* **SOURCE MATERIAL**:
=-=-=

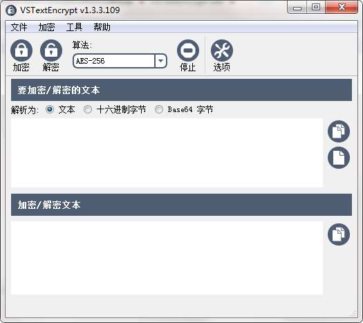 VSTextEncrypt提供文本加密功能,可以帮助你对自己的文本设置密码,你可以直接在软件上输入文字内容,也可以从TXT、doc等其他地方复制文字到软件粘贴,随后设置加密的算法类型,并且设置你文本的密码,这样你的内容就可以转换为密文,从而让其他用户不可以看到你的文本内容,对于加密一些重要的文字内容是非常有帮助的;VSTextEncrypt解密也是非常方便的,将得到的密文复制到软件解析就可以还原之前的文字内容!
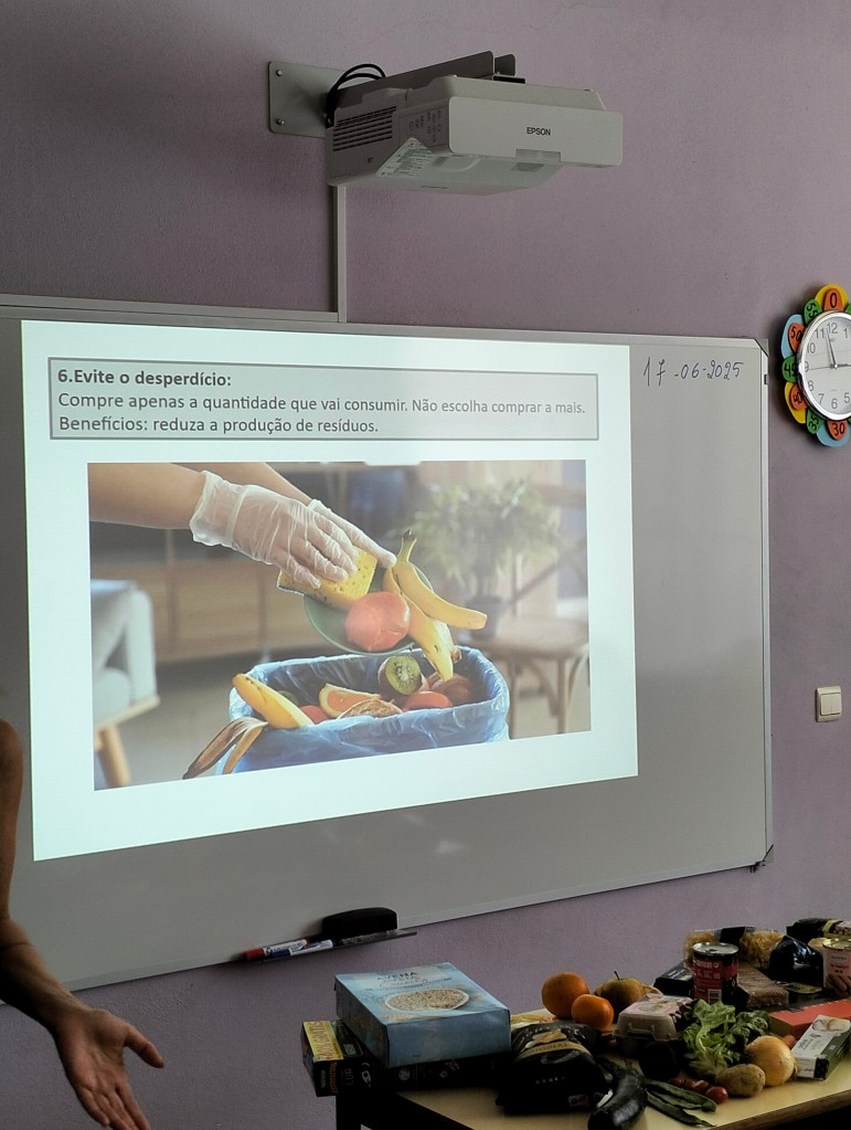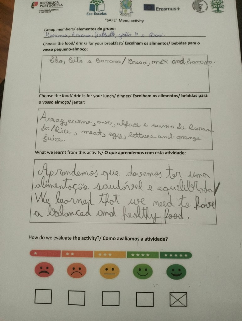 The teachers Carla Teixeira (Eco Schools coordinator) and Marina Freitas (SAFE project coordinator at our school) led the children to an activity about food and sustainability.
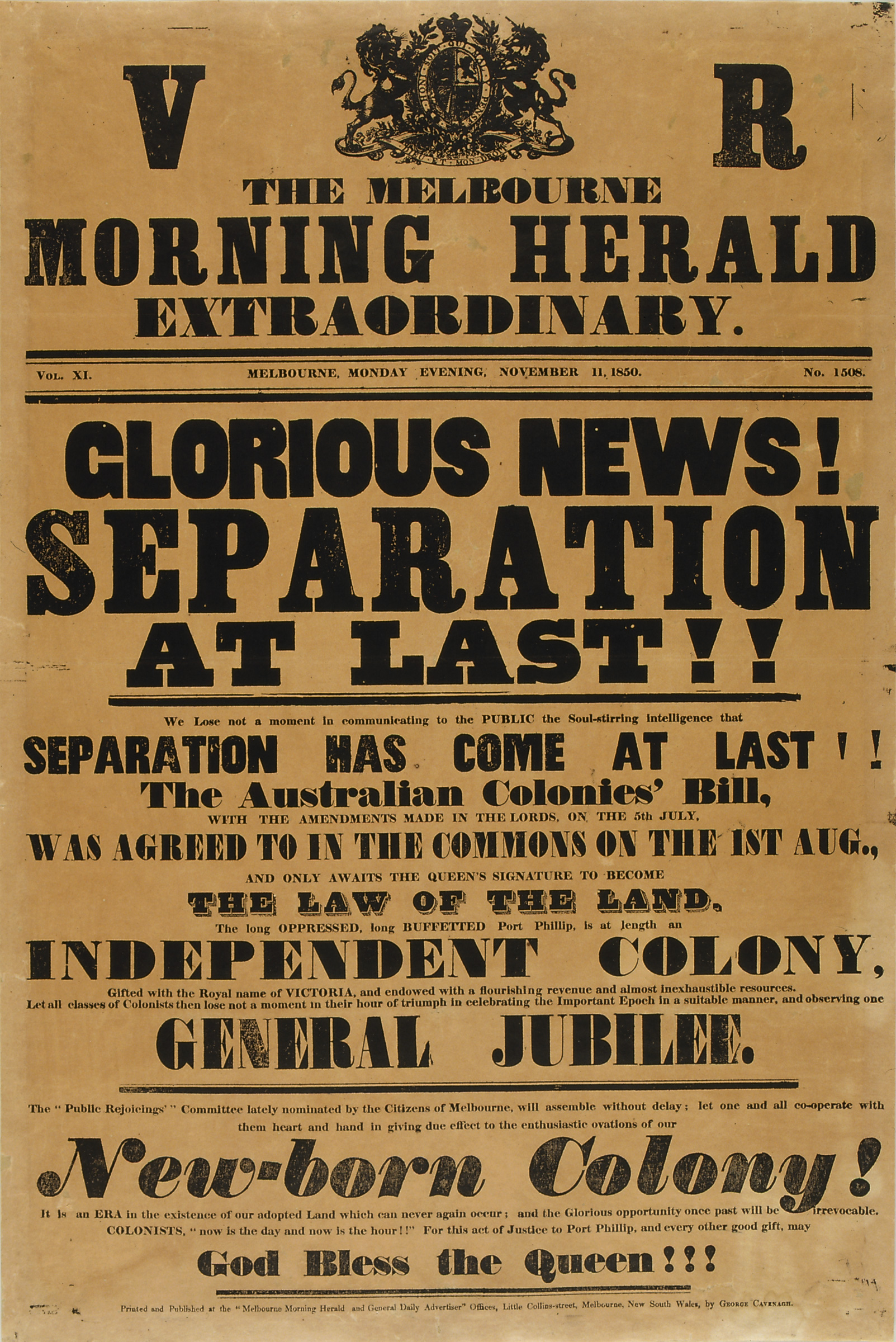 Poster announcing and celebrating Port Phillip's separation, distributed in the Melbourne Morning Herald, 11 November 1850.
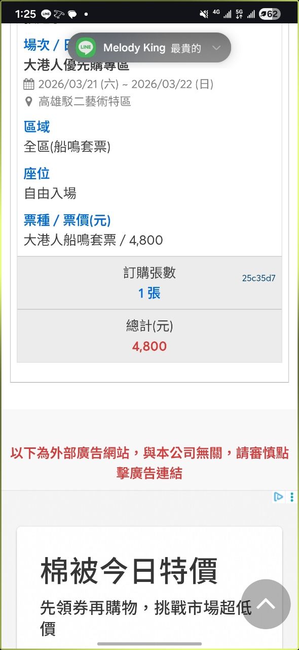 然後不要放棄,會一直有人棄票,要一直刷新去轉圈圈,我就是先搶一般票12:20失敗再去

=-=-=

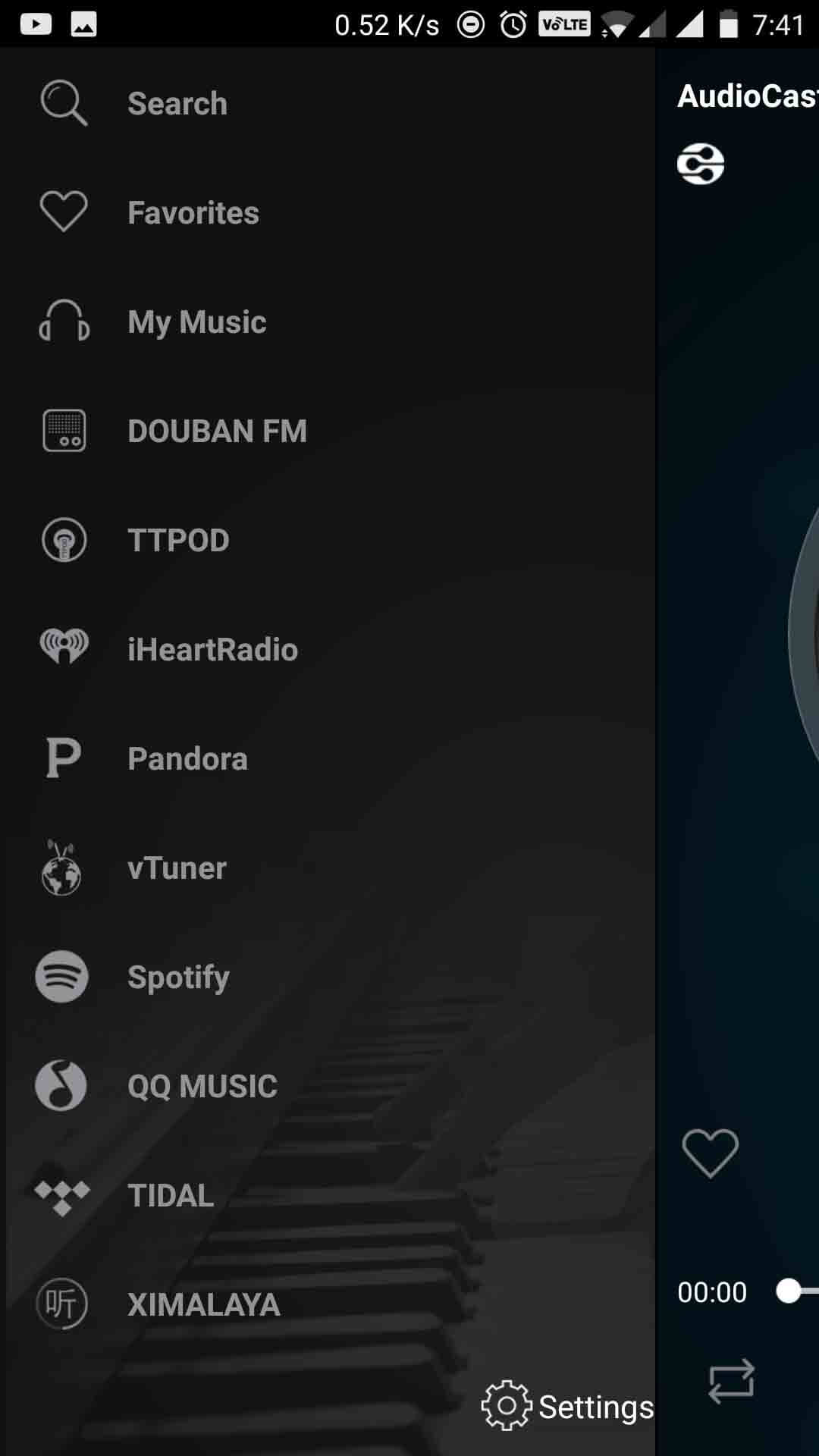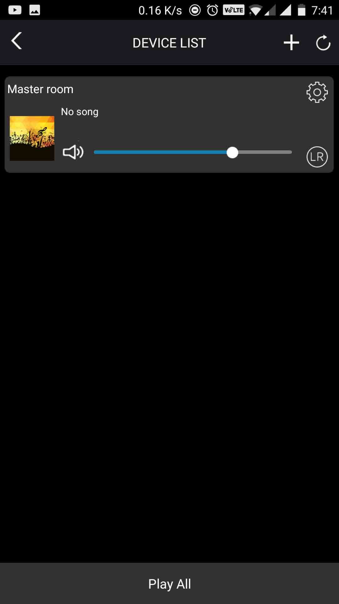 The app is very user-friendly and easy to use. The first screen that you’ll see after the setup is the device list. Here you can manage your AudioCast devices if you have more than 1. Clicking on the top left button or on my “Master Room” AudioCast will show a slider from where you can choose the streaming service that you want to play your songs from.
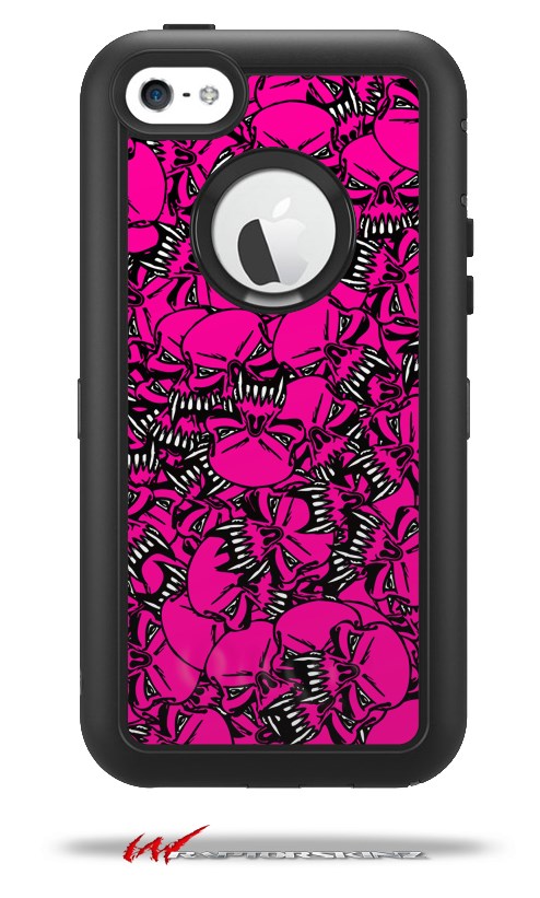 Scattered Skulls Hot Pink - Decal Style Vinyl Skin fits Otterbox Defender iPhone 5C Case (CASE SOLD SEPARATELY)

=-=-=

* **ABOUT THIS TASK**:
In the listing above, find the line containing "The teachers Carla" and the line containing "然後不要放棄,會一直有人棄票". Print those two lines and every line between them exactly, with no pictures.

* **WRITTEN RESPONSE**:
 The teachers Carla Teixeira (Eco Schools coordinator) and Marina Freitas (SAFE project coordinator at our school) led the children to an activity about food and sustainability.
 Poster announcing and celebrating Port Phillip's separation, distributed in the Melbourne Morning Herald, 11 November 1850.
 然後不要放棄,會一直有人棄票,要一直刷新去轉圈圈,我就是先搶一般票12:20失敗再去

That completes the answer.